How to Identify Any Font on Any Website Without DevTools
Patrick Bushe
November 26, 2025 · 5 min read
You're browsing a website and the typography catches your eye. The headings have a distinctive weight and character. The body text is perfectly readable. You want to use that font in your own project, but you have no idea what it's called.
The developer approach is to right-click, select Inspect Element, navigate the DOM tree to find the text element, then read the computed font-family CSS property. For non-developers, this process is intimidating and confusing. Even for developers, it's tedious when you just want a quick font identification.
Font Detector makes identification instant. Activate the extension and hover over any text on any web page. A tooltip appears showing the font family, weight, size, line height, and color. Hover over a heading — "Playfair Display, 36px, 700." Hover over body text — "Inter, 16px, 400." Hover over a button — "SF Pro, 14px, 600."

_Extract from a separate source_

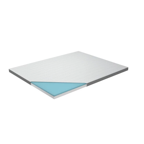 Die Matratzenauflage besteht aus zwei Schichten und kombiniert Druckentlastung und Stützung zugleich. So unterstützt der Topper die Wirbelsäule vom Kopf bis zum Becken und bietet gleichzeitig Komfort und Elastizität für Seiten-, Bauch- und Rückenschläfer. Rücken- und Gliederschmerzen, Schlafstörungen und Kopfschmerzen können vorgebeugt werden.

The extension also shows where the font comes from. Is it a Google Font that's freely available? An Adobe Font that requires a Creative Cloud subscription? A system font that's already on your computer? This information determines whether you can actually use the font in your project.
For designers, Font Detector turns every website into a typography reference library. Instead of browsing font catalogs hoping to find something that looks right, you can find real-world examples of fonts in use and identify them immediately. Seeing how a font looks in context — at different sizes, weights, and with real content — is far more useful than previewing it in a font catalog with sample text.